# The way I make my tapered frameless sets



## Joey Jfive Lujan (Jan 19, 2015)

I do this for 2 reasons .. easier on the fingers with the other pouch to hold ... also allows me to make tapers in the flatbands .. 













Sent from my SM-G955U using Tapatalk


----------



## trapperdes (Apr 5, 2015)

Neat idea and great shot! Still enjoy your videos.


----------



## Joey Jfive Lujan (Jan 19, 2015)

trapperdes said:


> Neat idea and great shot! Still enjoy your videos.

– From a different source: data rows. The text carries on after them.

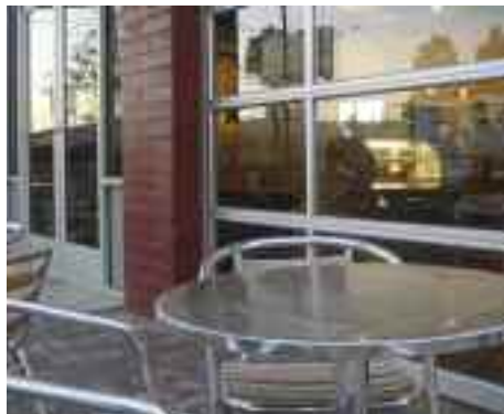
20) Vintage gas station in the Melrose District seeks coffee lovers only! Must like live music, fresh pastries & free wi-fi. See you at 6AM! www.copperstarcoffee.com

MELROSE VINTAGE, 4238 N. 7TH AVE, PHOENIX, AZ, 602.636.0300
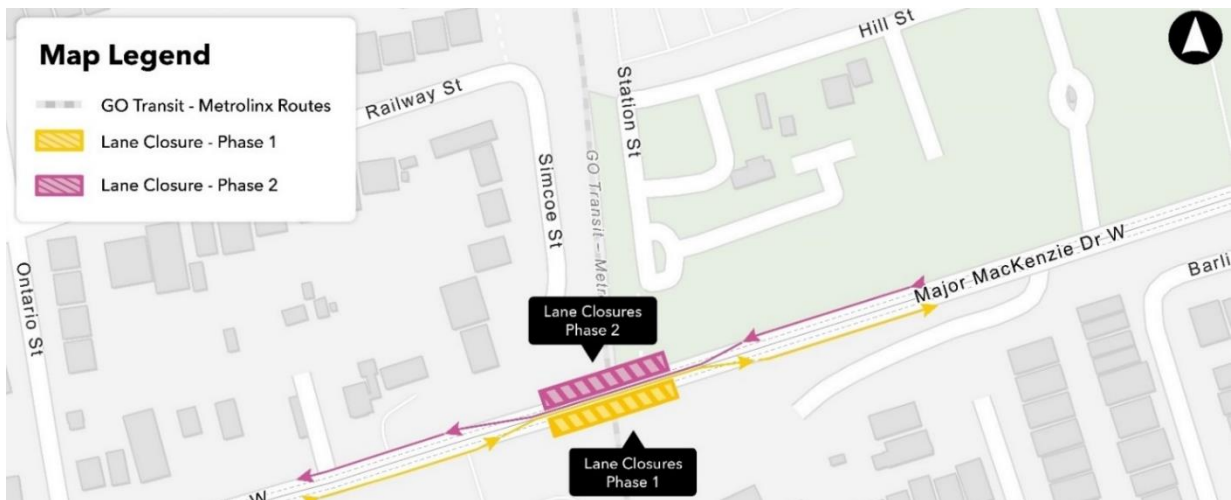
Figure 1: Approximate area of May 4-5 lane closures. Not to scale.

*Date is subject to change due to unforeseen circumstances or inclement weather.
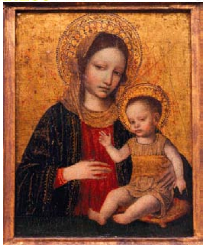
Ambrogio Borgognone (Milanese, ca. 1460–1523), Madonna and Child , 1490s, Tempera on wood, 11 1/4 x 8 3/4 inches, Georgia Museum of Art, University of Georgia; The Samuel H. Kress Study Collection, GMOA 1962.1896

"We are excited at the opportunity to demonstrate the continued
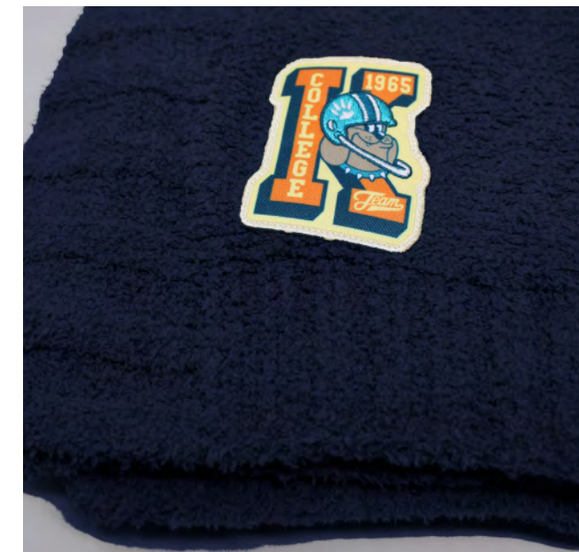
Print Stitch Emblem

Thanks Danny! Appreciate it buddy

Sent from my SM-G955U using Tapatalk


----------



## mopper (Nov 17, 2012)

I have been away for a few years, seems like frameless has really become a thing since I went away. Maybe I'll have to try it. It seems pretty intriguing. But you bet I am going to try it out with 1,5 cm Thera Band Blue bands first, and my 16mm turned beechwood balls ... no way I am going for the Gold bands and 12mm steel!!


----------



## Joey Jfive Lujan (Jan 19, 2015)

mopper said:


> I have been away for a few years, seems like frameless has really become a thing since I went away. Maybe I'll have to try it. It seems pretty intriguing. But you bet I am going to try it out with 1,5 cm Thera Band Blue bands first, and my 16mm turned beechwood balls ... no way I am going for the Gold bands and 12mm steel!!


Lol I hear you pal! I love it .. and that's really how I shoot 90 percent of tge time ... but I do enjoy all styles.. give it a go! I have been shooting lead balls like this also ! Lol .. fun stuff!

Sent from my SM-G955U using Tapatalk


----------